Oct 24 (Reuters) - Healthpeak Properties ( DOC ) raised
the lower-end of its annual funds from operations (FFO) forecast
on Thursday, banking on steady demand for its medical office and
life science properties.
The U.S. healthcare-centric company now expects its 2024
adjusted FFO, a key performance measure for real estate
investment trusts, to be in the range of $1.79 to $1.81 per
share, compared to its previous estimate of $1.77 to $1.81 per
share.
Analysts, on average, were expecting adjusted FFO of $1.79
per share, as per data compiled by LSEG.
Demand for the outpatient & life science sites owned by the
company has benefited from a rise in patient visits, creating a
favorable leasing environment.
The Denver, Colorado-based firm posted adjusted FFO of 45
cents per share in the third quarter, largely in line with
analysts' estimate of 44 cents per share.

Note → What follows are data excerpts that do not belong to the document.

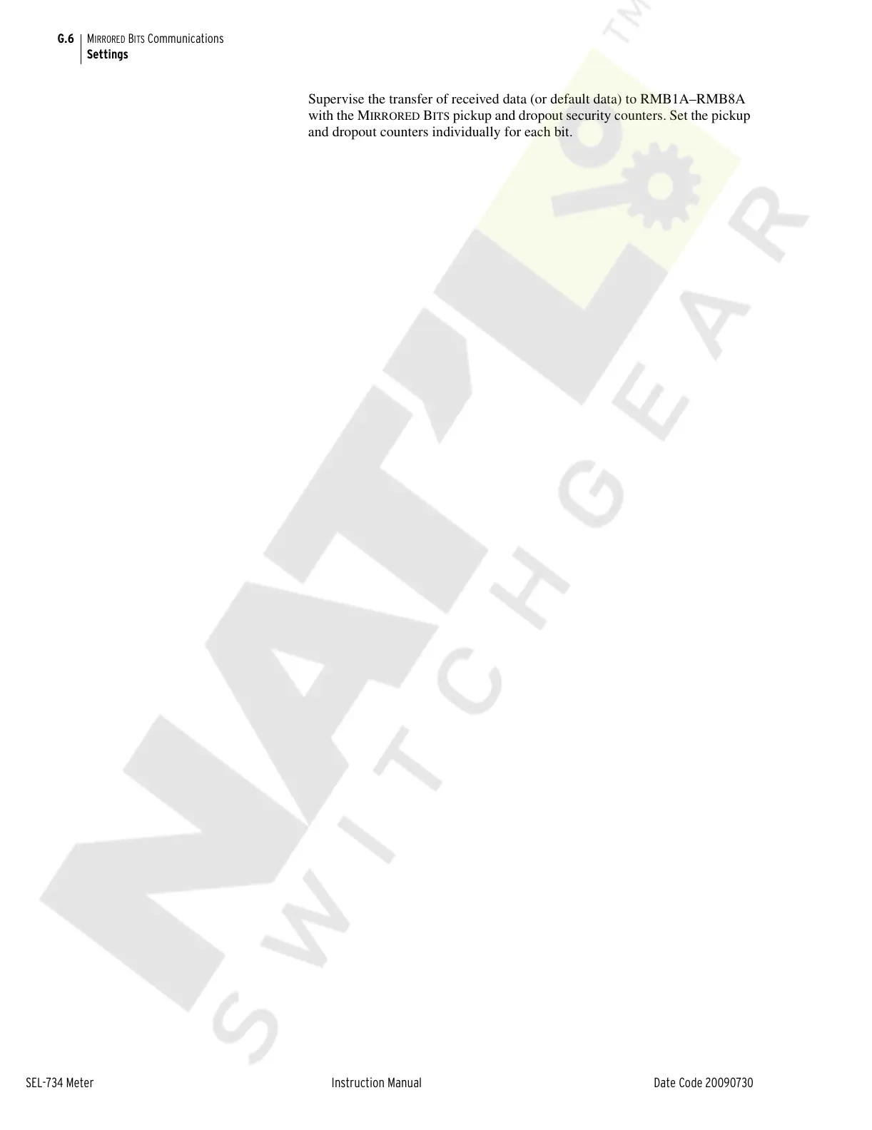 IRRORED BITS pickup and dropout security counters. Set the pickup
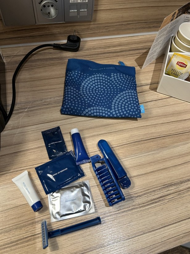 I explained that my checked luggage (held overnight until my flight at 16.00 next day) contained all my toiletries. They gave me a complimentary amenity pack, similar to what you receive on a KLM flight.
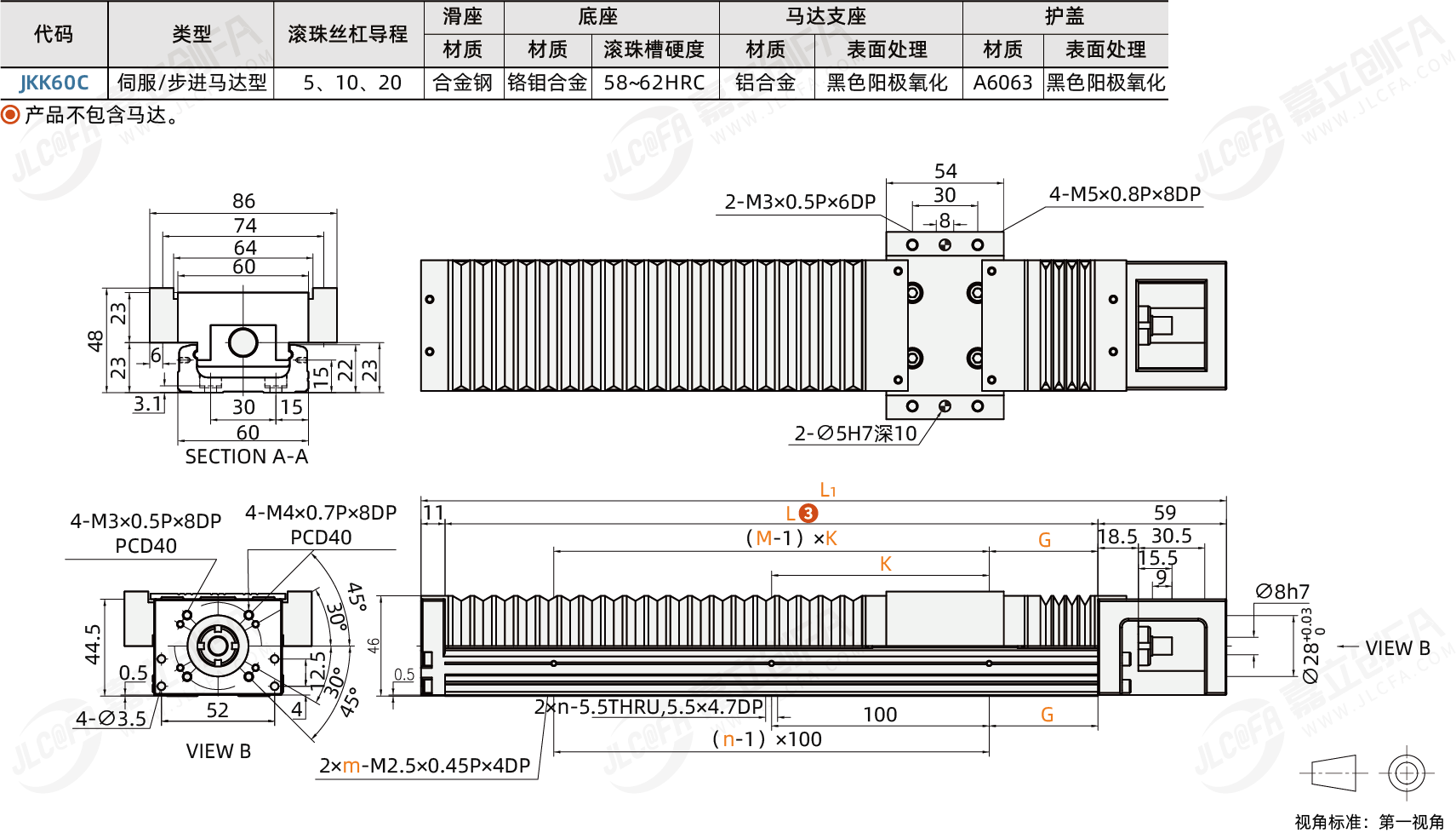 种类: KK模组系列: KK60系列 风琴罩防护型 电机直连底座宽度: 60mm类型: 风琴罩防护型电机安装方式: 直连

The company reported total revenue of $700.40 million for
the quarter ended Sept. 30, beating estimates of $680.25
million.
The REIT owns medical office and life science assets, as
well as senior housing, hospital and post-acute care assets.
Healthpeak's lab portfolio is mainly concentrated in San
Francisco and San Diego, California, as well as in Boston,
Massachusetts.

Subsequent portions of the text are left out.